* _Exercise data_
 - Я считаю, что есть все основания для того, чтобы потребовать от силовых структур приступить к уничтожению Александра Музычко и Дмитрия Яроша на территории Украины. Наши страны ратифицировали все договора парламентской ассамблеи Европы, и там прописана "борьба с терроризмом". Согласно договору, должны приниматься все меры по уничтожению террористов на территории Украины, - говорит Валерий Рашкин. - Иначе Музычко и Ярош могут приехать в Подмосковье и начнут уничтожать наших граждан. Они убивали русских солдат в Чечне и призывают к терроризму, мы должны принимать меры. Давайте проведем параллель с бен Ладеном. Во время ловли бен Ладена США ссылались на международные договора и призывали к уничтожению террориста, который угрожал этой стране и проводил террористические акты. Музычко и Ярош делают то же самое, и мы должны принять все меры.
==
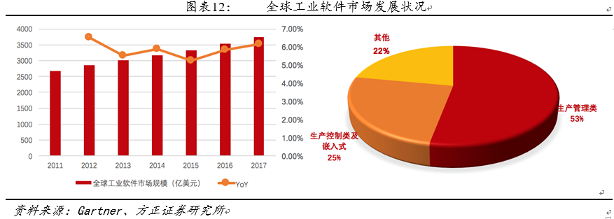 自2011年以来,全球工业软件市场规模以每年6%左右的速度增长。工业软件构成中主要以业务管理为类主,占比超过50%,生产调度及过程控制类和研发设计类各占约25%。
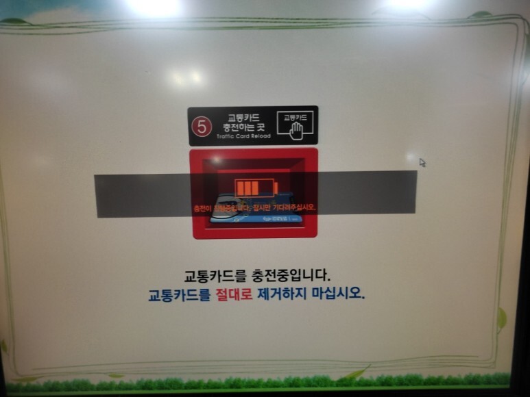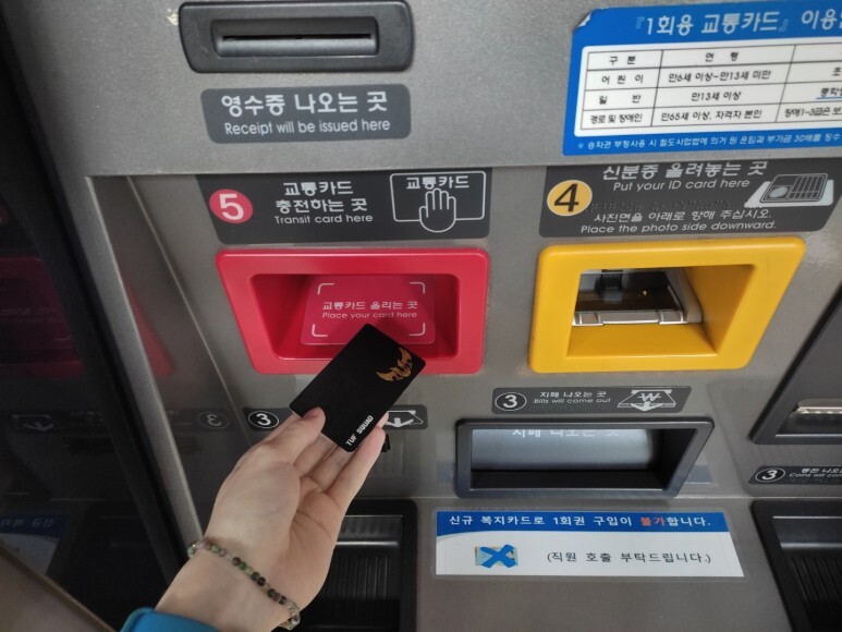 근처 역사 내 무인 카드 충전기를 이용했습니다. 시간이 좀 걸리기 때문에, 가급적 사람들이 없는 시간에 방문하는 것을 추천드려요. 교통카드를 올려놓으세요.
---
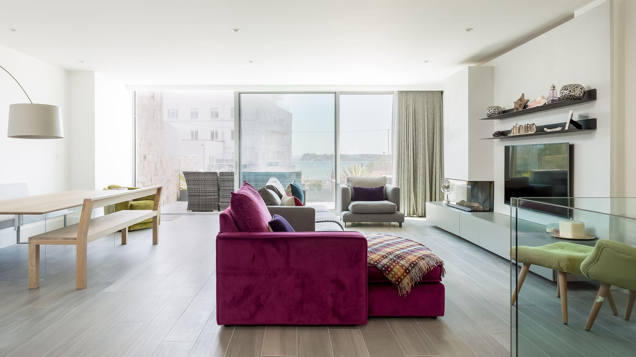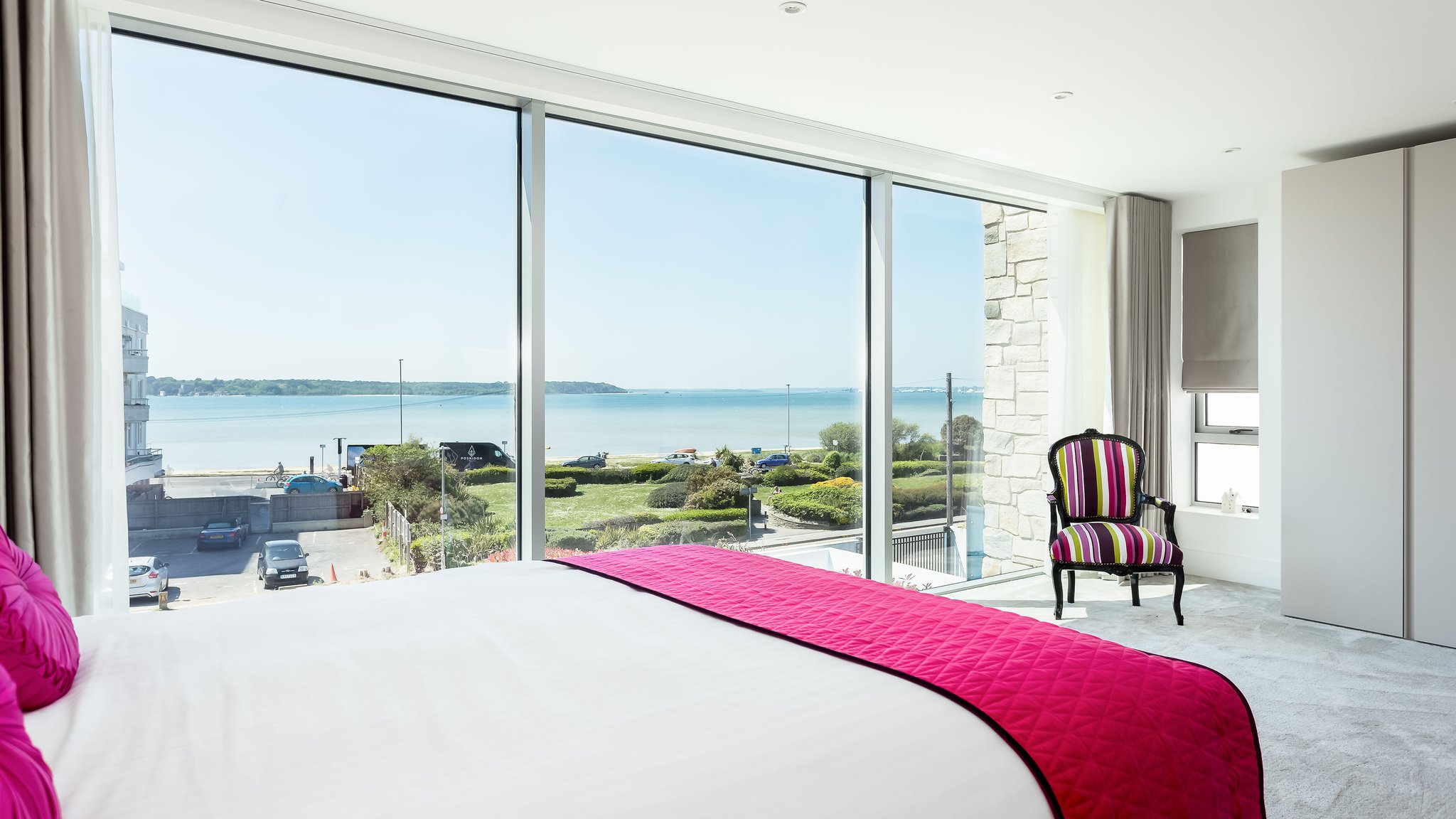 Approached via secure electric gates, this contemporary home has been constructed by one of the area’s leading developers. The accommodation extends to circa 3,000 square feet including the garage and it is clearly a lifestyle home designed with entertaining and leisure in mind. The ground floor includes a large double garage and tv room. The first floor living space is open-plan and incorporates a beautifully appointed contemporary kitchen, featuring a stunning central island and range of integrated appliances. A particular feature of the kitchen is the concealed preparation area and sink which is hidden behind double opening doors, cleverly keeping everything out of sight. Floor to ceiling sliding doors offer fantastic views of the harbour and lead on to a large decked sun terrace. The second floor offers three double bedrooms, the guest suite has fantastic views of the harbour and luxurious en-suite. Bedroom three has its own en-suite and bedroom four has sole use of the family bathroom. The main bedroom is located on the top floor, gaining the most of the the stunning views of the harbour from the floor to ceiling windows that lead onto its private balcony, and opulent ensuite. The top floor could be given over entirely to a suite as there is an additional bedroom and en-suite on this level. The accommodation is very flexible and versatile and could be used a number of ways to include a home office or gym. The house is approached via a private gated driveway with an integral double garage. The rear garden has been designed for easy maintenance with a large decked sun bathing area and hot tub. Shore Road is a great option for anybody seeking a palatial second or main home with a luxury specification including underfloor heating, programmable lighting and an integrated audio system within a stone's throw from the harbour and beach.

* _Your instructions_
Return the stretch of data that begins with the line showing "自2011年以来,全球工业软" and goes on through the line showing "근처 역사 내 무인 카드", exactly, with pictures removed.

* _Expected answer_
 自2011年以来,全球工业软件市场规模以每年6%左右的速度增长。工业软件构成中主要以业务管理为类主,占比超过50%,生产调度及过程控制类和研发设计类各占约25%。
 근처 역사 내 무인 카드 충전기를 이용했습니다. 시간이 좀 걸리기 때문에, 가급적 사람들이 없는 시간에 방문하는 것을 추천드려요. 교통카드를 올려놓으세요.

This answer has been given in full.